Walls drew a walk to kick off the fifth, but sadly was the only man to get aboard in the inning. Jose Ramirez got another walk in the bottom of the inning, then successfully stole second, and no I’m not just repeating myself from the fourth, these are different Ramirezes. Ramiri? Anyway, same series of moves, different dudes. Anyway, it was a scoreless inning.

Meadows walked to lead off the sixth, but was caught stealing, eliminating the baserunner. The remainder of the inning didn’t get the Rays any closer to scoring another run. After giving up a single in the bottom of the sixth, that was the end of the day for Patiño, replaced by Chris Mazza. The outing for Patiño looked a little like this: 5.1 IP, 5 H, 4 R, 4 ER, 3 BB, 4 K, 1 HR on 98 pitches. Score aside it wasn’t the ugliest outing I’ve ever seen. The inning ended with no further damage from Cleveland.

Mejia hit a darned-near home run in the seventh that he legged out into a triple (two triples in one night?), and Walls grounded out to bring the catcher home, cutting the Rays deficit to two runs. Onto the bottom of the inning, Rosario drew a walk with one out, then advanced to second on a wild pitch from Mazza. Good news though, no runs scored.

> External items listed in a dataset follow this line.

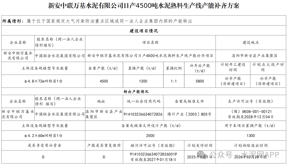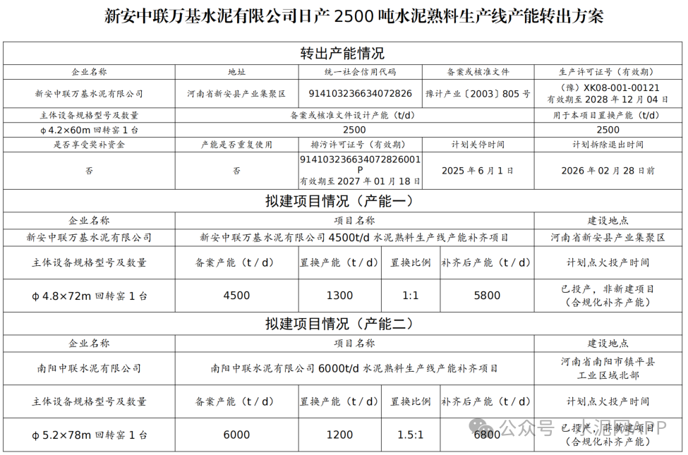 內(nèi)容顯示,新安中聯(lián)萬基水泥4500t/d熟料生產(chǎn)線置換補充產(chǎn)能1300t/d,補充后產(chǎn)能為5800t/d,出讓產(chǎn)能來自同公司2500t/d熟料生產(chǎn)線,用于本產(chǎn)能1300t/d,置換比例1:1;剩余1200t/d熟料產(chǎn)能用于補充南陽中聯(lián)6000t/d熟料生產(chǎn)線,補充后南陽中聯(lián)生產(chǎn)線產(chǎn)能達(dá)到6800t/d,置換比例1.5:1。
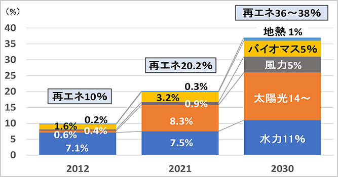 35. 発電電力量割合の歴史と2050年の目標(約1世紀の変遷)
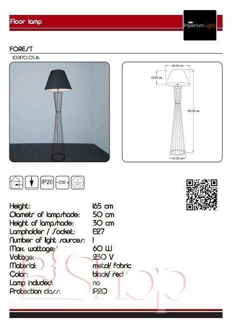 Количество ламп: 1. Тип цоколя: E27. Высота (см): 165. Мощность лампы (Вт): 60. Диаметр (см): 60.
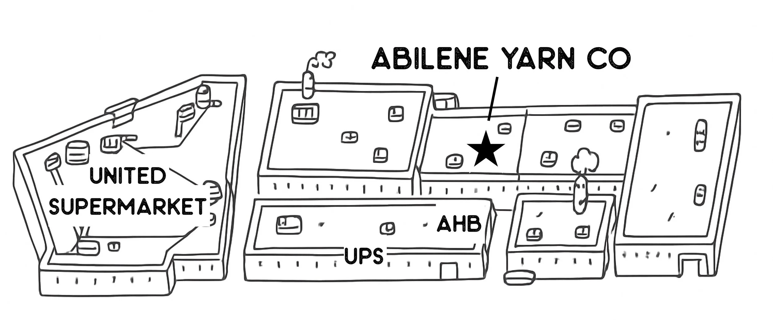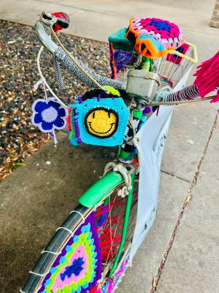 We are in the rear courtyard, behind American Honey Boutique. I recommend parking out front between AHB and The Perch, and looking for the yarn-wrapped bicycle as your first clue. Then, follow the yarn through the courtyard, turn left and go past Kenzie Davis Hair. You’ll see the yarn pompoms as soon as you turn the corner!
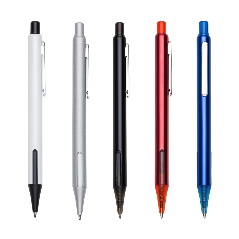 Descrição: Caneta semimetálica com carga esferográfica azul e acionamento por clique. OBS.: PEDIDO APENAS MÚLTIPLO DE 50 PEÇAS!
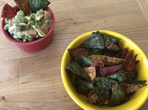 Oven baked tortilla chips served with a chipotle pepper guacamole.

Franco got an infield single in the top of the eighth, but that was it for either side in the entire inning in terms of putting runners on the paths.

It came down to the top of the ninth for the Rays, and Yandy Diaz was not ready to lose, hitting a leadoff solo home run to cut the Cleveland lead to one.

Kiermaier and Mejia made solid efforts, but no luck. It was all up to a pinch-hitting Ji-Man Choi. Choi managed to draw a walk to put the go-ahead run aboard with Lowe coming up. Brett Phillips came in as the pinch-runner. Lowe hit a long double off the wall, scoring the speedy Phillips and tying the game. The Rays didn’t get the go-ahead, but they did end the half at a tie.

Pete Fairbanks came on for the ninth. The first out of the inning was a catch by Fairbanks himself after he failed to get out of Yandy Diaz’s way on an infield pop up. Fairbanks for the first two outs pretty quickly but the Rosario at-bat felt like it lasted roughly 700 pitches before he finally struck out. Onward to extras!

Meadows, with one out, singled to center and scored default baserunner (aka Manfred Man) Arozarena, giving the Rays the lead. Diaz hit a single to advance Meadows to third, and the ball got thrown away to let Diaz advance to second, but there was no scoring move for Meadows on the play. Ultimately the Rays weren’t able to bring Meadows home, but now they were just three outs from a win.

Castillo was on to pitch for the 10th. A Jose Ramirez fly moved Cleveland’s Manfred Man, Rosario, to third base. Then a much-needed strikeout to Reyes. Two out. Castillo collected the final strikeout, getting the save, Fairbanks collected the win. Rays take it in extras.